# Living in Tauranga/ Bay of Plenty



## mlm30

Upon my recent return from South Korea I have moved to Tauranga where I am quickly settling into my new job and life. I am really enjoying it here- it is sunny, relaxed and the community is very outdoor-orientated. 

Though I originally held the perception that only people who are retired move to Tauranga, I was in fact proved wrong very quickly. With Tauranga being one of the fastest growing cities in NZ there is actually a very fast growing population of young professionals, resulting in a vibrant and dynamic city.

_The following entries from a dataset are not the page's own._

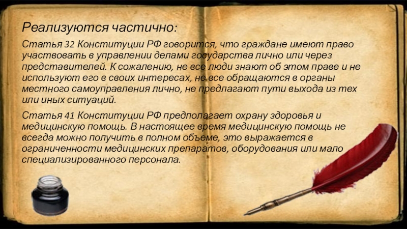 Слайд 7Реализуются частично: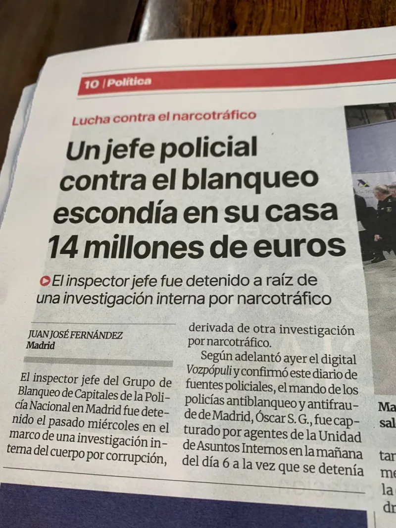 В Мадриде арестовали главу Национальной полиции по борьбе с отмыванием денег. Следили за ним и его напарником давно, целый год, при обыске обнаружили 20 миллионов евро наличкой - видимо, спрятали, чтобы всякие негодяи не отмыли эти деньги.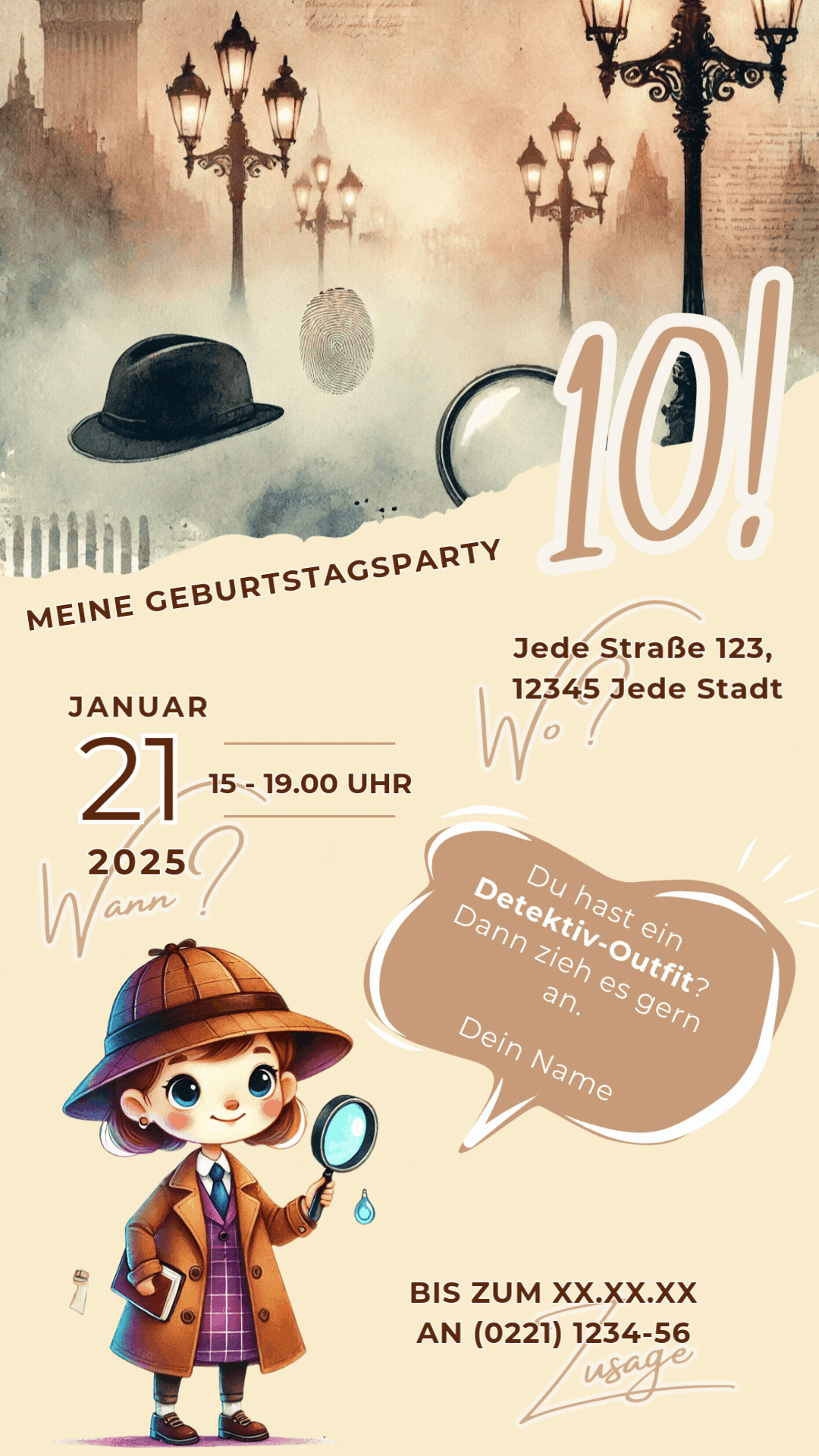 Einladung, Einladung Detektiv, Einladung Detektivin, Dekoration, Spiele&Basteleien, Rezepte

A site which proved useful in my search for job and networking opportunities as well as information on Tauranga/ BOP in general was 'Back in the Bay' (you can search this in Google). 

I would recommend to anyone moving/ relocating to NZ to have a look at this website. 

Hope I was of some help to a few of you! Feel free to ask anything else about Tauranga (or South Korea or Japan for that matter)!


----------



## topcat83

mlm30 said:


> Upon my recent return from South Korea I have moved to Tauranga where I am quickly settling into my new job and life. I am really enjoying it here- it is sunny, relaxed and the community is very outdoor-orientated.
> 
> Though I originally held the perception that only people who are retired move to Tauranga, I was in fact proved wrong very quickly. With Tauranga being one of the fastest growing cities in NZ there is actually a very fast growing population of young professionals, resulting in a vibrant and dynamic city.
> 
> A site which proved useful in my search for job and networking opportunities as well as information on Tauranga/ BOP in general was 'Back in the Bay' (you can search this in Google).
> 
> I would recommend to anyone moving/ relocating to NZ to have a look at this website.
> 
> Hope I was of some help to a few of you! Feel free to ask anything else about Tauranga (or South Korea or Japan for that matter)!


Hi there - welcome back to NZ. We'd love to hear your experiences....


----------